__What is expected__. Retype exactly what appears below from the line containing "Which of the" down to the line containing "15 分钟将按旷课处理,累计 3", keeping both end lines. Do not include pictures.

__Recorded information__.
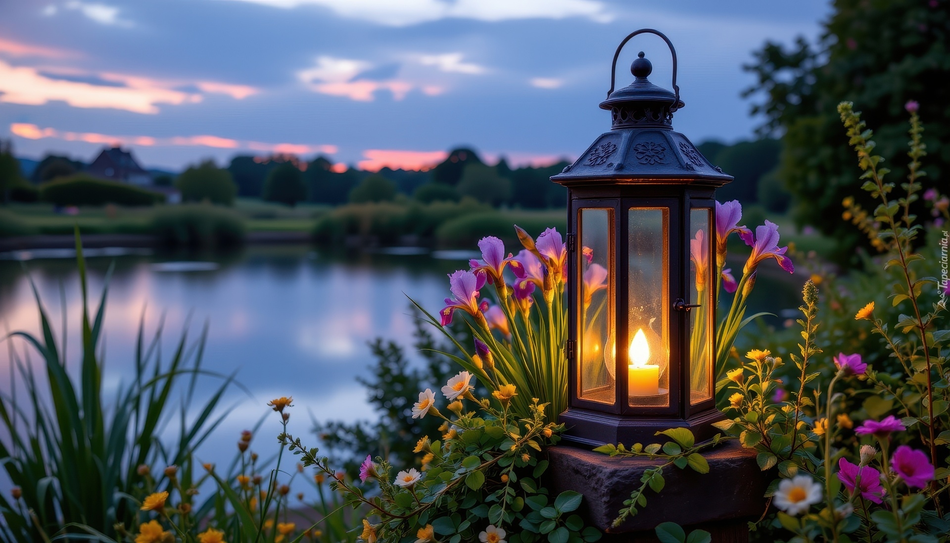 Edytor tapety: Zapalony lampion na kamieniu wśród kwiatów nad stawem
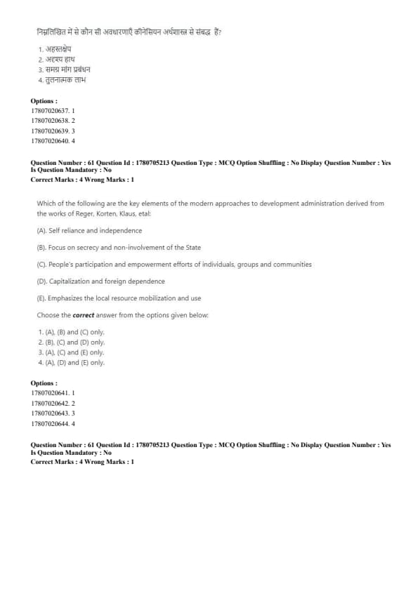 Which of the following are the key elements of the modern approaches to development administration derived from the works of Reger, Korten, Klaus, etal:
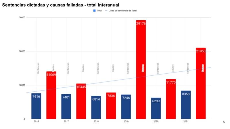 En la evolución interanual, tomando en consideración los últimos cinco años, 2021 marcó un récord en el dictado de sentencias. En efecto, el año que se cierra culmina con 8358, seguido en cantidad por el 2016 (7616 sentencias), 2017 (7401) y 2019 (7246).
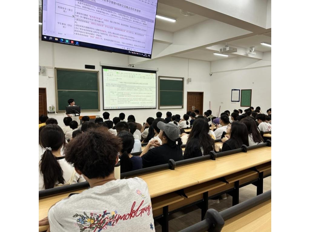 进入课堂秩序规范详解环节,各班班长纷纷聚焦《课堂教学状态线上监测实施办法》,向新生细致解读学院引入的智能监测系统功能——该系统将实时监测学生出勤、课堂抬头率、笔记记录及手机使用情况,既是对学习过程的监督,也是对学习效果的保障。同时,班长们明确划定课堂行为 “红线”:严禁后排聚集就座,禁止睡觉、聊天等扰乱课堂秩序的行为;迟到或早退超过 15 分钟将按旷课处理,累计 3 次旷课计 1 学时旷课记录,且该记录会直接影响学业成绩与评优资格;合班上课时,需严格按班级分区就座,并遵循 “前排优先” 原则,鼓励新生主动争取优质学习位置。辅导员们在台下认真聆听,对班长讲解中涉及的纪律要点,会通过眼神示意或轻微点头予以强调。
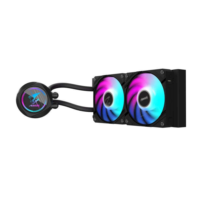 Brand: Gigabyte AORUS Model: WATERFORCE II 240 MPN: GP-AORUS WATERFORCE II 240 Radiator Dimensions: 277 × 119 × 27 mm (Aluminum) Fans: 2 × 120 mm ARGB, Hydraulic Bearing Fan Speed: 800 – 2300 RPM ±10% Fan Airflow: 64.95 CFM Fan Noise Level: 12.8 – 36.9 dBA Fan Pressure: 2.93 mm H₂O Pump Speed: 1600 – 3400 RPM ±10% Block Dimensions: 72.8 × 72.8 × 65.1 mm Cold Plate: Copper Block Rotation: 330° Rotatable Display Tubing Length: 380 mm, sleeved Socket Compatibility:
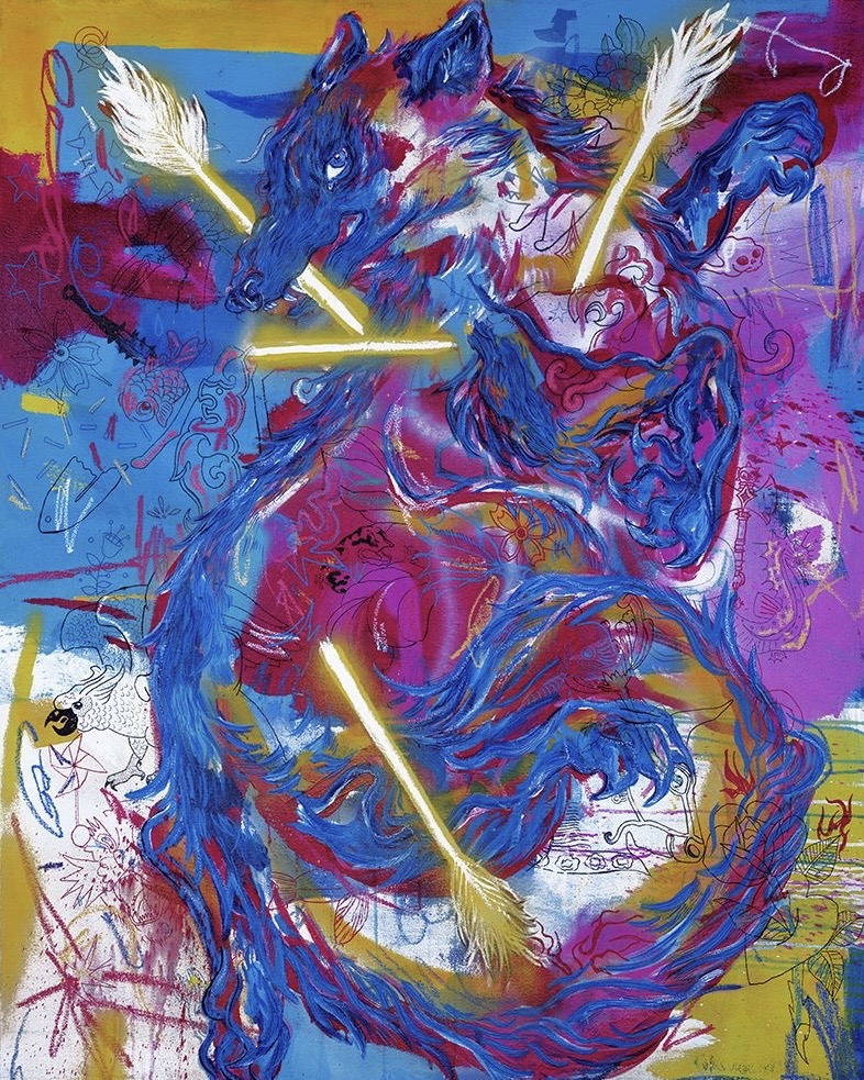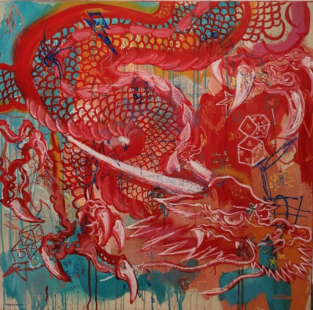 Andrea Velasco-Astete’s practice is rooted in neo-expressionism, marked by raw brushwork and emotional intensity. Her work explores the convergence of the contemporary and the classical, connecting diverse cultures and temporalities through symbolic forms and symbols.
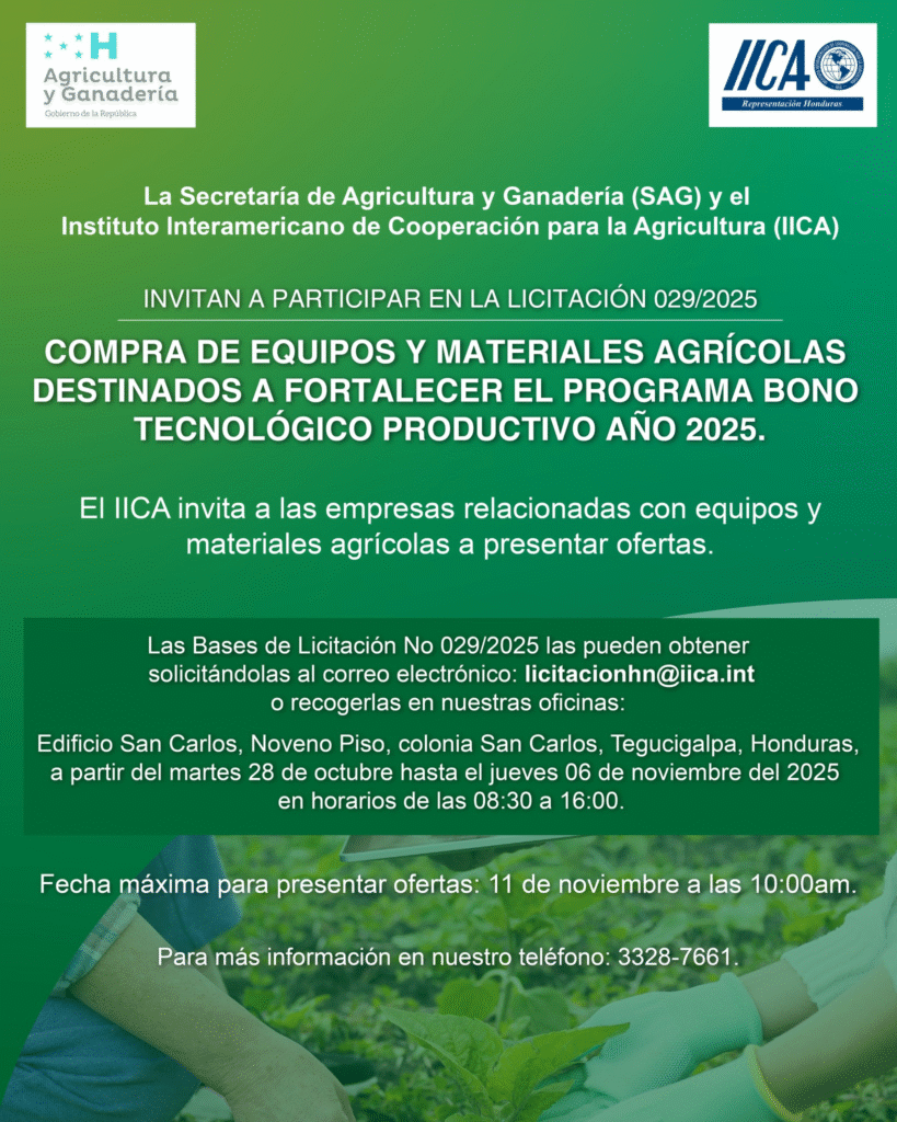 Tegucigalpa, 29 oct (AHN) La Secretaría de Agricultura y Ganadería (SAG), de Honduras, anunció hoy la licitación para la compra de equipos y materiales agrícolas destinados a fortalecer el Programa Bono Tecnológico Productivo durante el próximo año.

==

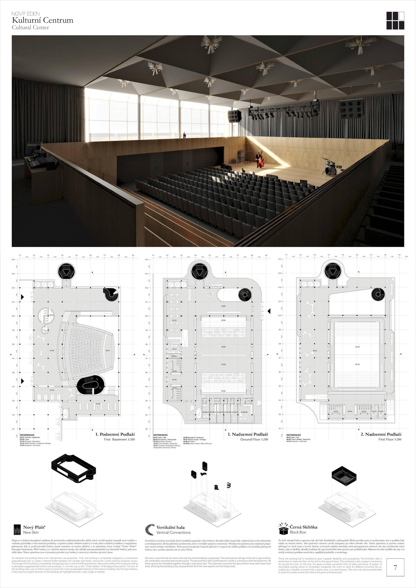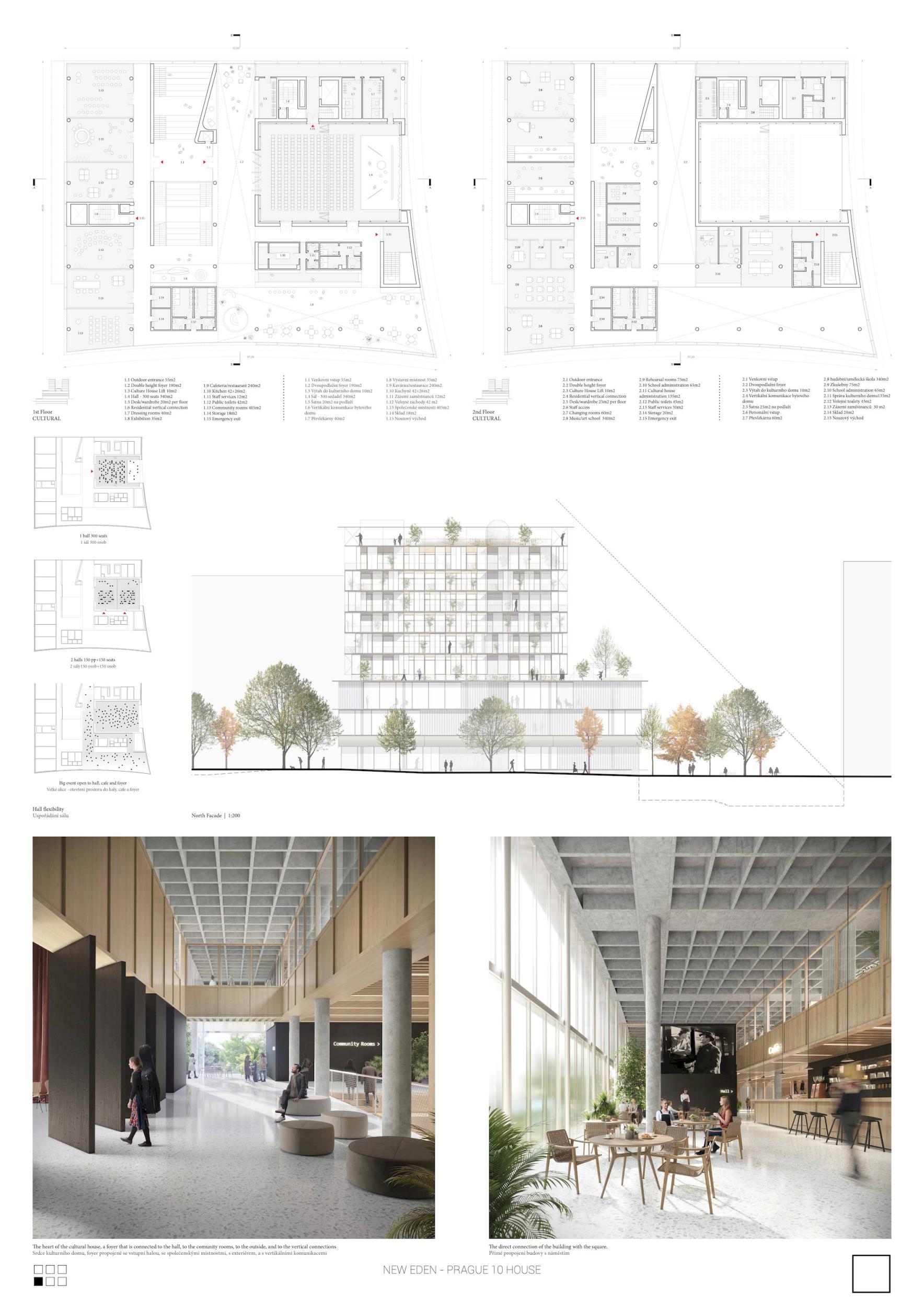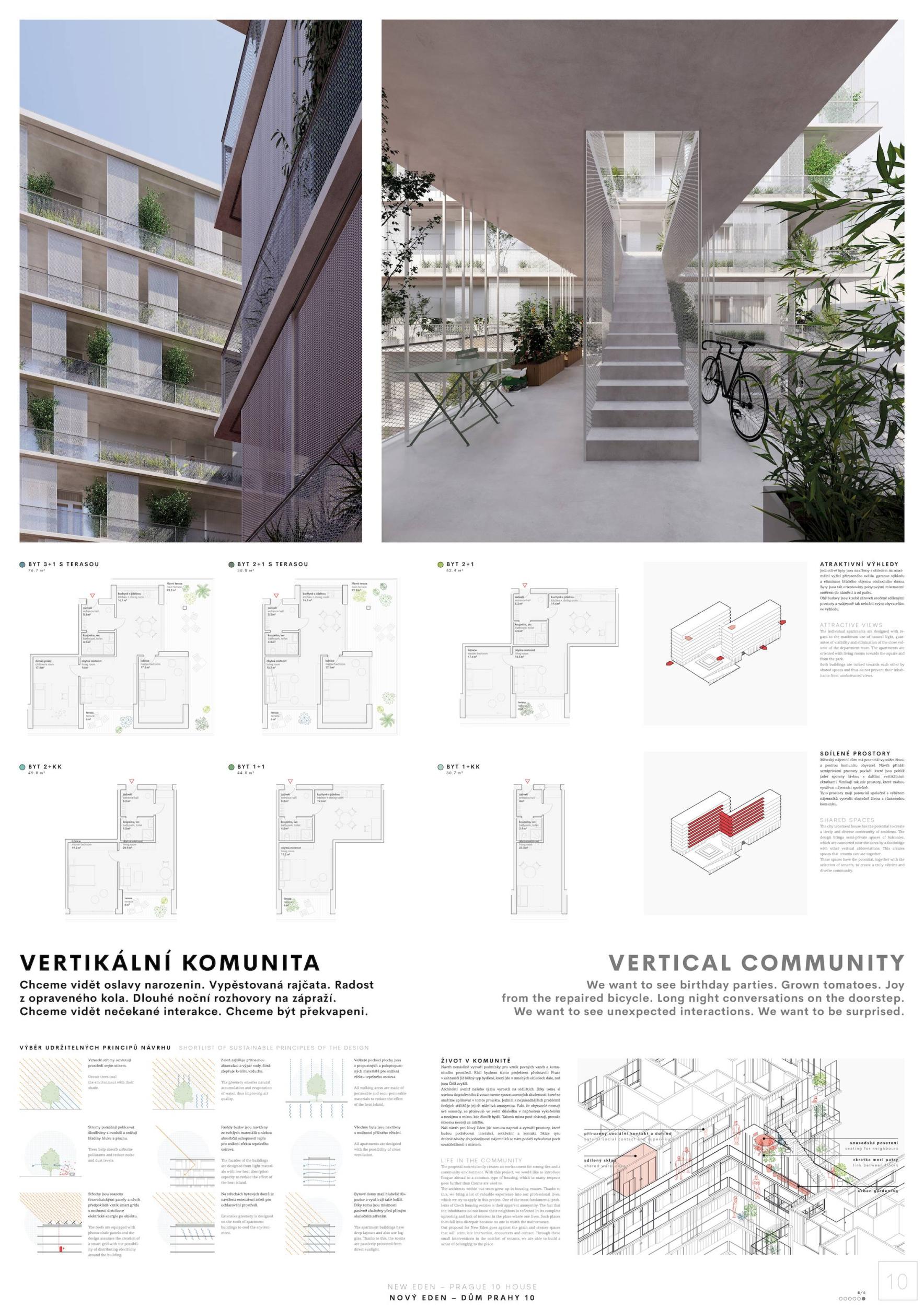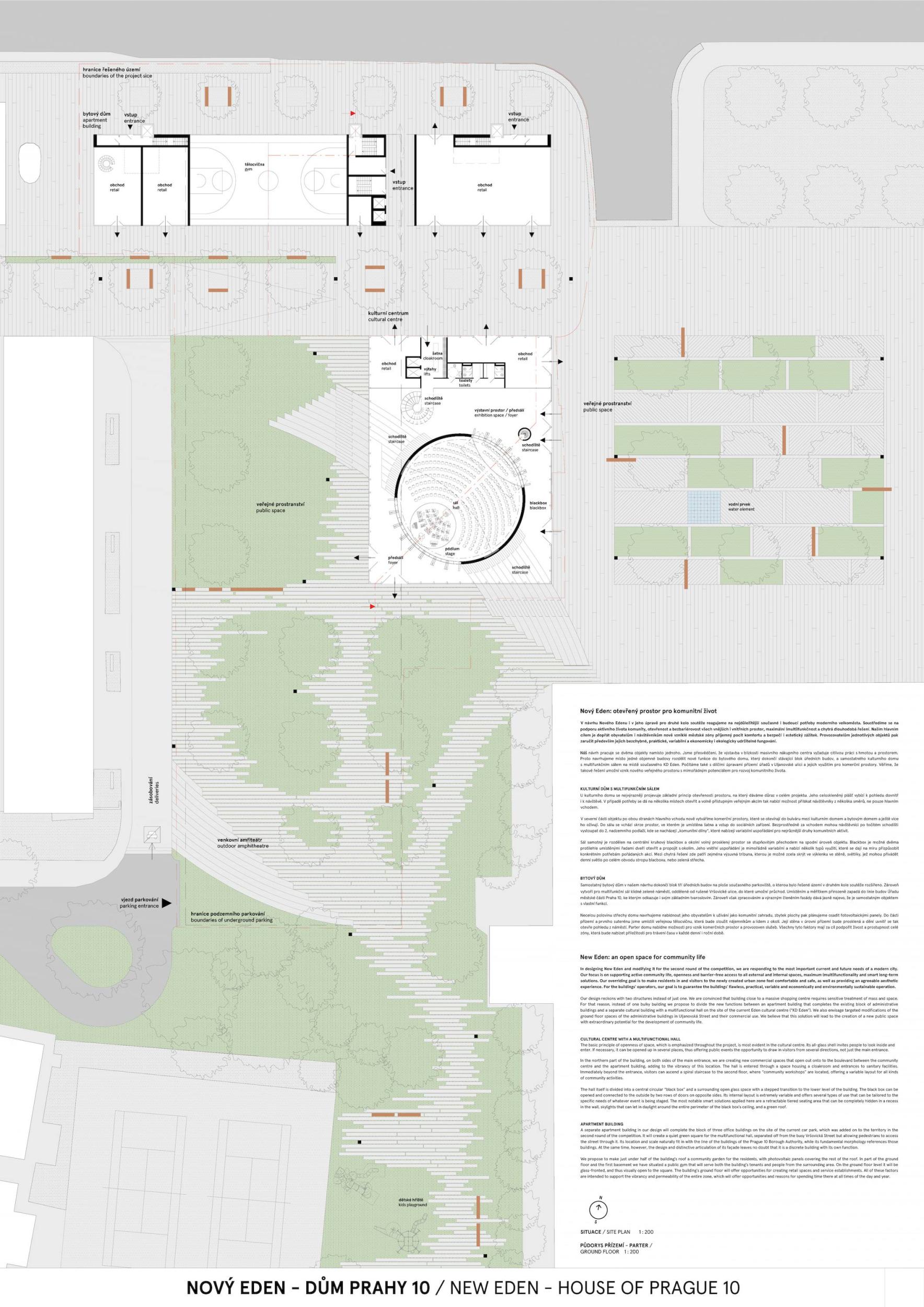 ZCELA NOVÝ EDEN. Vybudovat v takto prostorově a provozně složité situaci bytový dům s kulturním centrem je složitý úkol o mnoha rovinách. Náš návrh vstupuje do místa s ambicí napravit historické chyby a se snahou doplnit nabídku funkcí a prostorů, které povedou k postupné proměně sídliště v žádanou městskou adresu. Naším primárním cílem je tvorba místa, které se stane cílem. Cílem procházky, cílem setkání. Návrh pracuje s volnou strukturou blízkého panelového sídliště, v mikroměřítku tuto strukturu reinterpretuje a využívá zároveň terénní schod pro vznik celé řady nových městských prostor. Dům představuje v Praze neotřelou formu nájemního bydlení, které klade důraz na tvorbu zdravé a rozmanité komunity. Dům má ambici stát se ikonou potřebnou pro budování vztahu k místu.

__Reply__.
 Which of the following are the key elements of the modern approaches to development administration derived from the works of Reger, Korten, Klaus, etal:
 En la evolución interanual, tomando en consideración los últimos cinco años, 2021 marcó un récord en el dictado de sentencias. En efecto, el año que se cierra culmina con 8358, seguido en cantidad por el 2016 (7616 sentencias), 2017 (7401) y 2019 (7246).
 进入课堂秩序规范详解环节,各班班长纷纷聚焦《课堂教学状态线上监测实施办法》,向新生细致解读学院引入的智能监测系统功能——该系统将实时监测学生出勤、课堂抬头率、笔记记录及手机使用情况,既是对学习过程的监督,也是对学习效果的保障。同时,班长们明确划定课堂行为 “红线”:严禁后排聚集就座,禁止睡觉、聊天等扰乱课堂秩序的行为;迟到或早退超过 15 分钟将按旷课处理,累计 3 次旷课计 1 学时旷课记录,且该记录会直接影响学业成绩与评优资格;合班上课时,需严格按班级分区就座,并遵循 “前排优先” 原则,鼓励新生主动争取优质学习位置。辅导员们在台下认真聆听,对班长讲解中涉及的纪律要点,会通过眼神示意或轻微点头予以强调。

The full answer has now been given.